On April 30, the California Supreme court decided a case (Dynamex Operations West, Inc. v. The Superior Court of Los Angeles County) in which a California employer was charged with misclassifying delivery drivers as independent contractors. In their ruling on the case, the Court decided to adopt the “ABC test,” which requires companies to consider workers employees unless they prove that the workers should be appropriately classified as independent contractors.
Originally established by the Supreme Court of New Jersey (Hargrove v. Sleepy’s LLC, 2015) and subsequently adopted by several other states, the ABC test presumes that a worker is classified as an employee unless all three of the following conditions are met:
- The worker is free to control and direct how the work is performed, AND
- The work is conducted outside the usual course of the hiring business, AND
- The worker routinely engages in an independent trade or business related to the work performed.

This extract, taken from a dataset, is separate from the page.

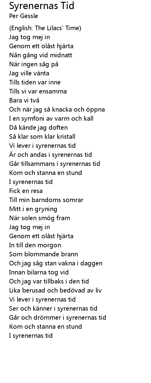 | Är och andas i syrenernas tid | |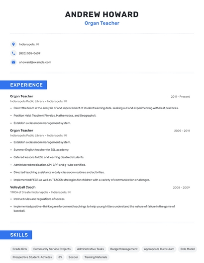 Build a professional organ teacher resume in minutes. Our AI resume writing assistant will guide you through every step of the process, and you can choose from 10+ resume templates to create your organ teacher resume.What skills help Organ Teachers find jobs?

A long-time focus of both state and federal governments, the proper classification of workers is critically important because employees misclassified as contractors are denied labor law benefits like minimum wage and overtime compensation protections. Additionally, businesses who misclassify workers frequently avoid payroll-related taxes, unemployment insurance payments and compliance with many employment-related laws that regulate working conditions.
In light of this new ruling, companies in California, as well as companies with workers who conduct business in California, may need to revisit their policies and classification of workers to determine if any workers should be reclassified.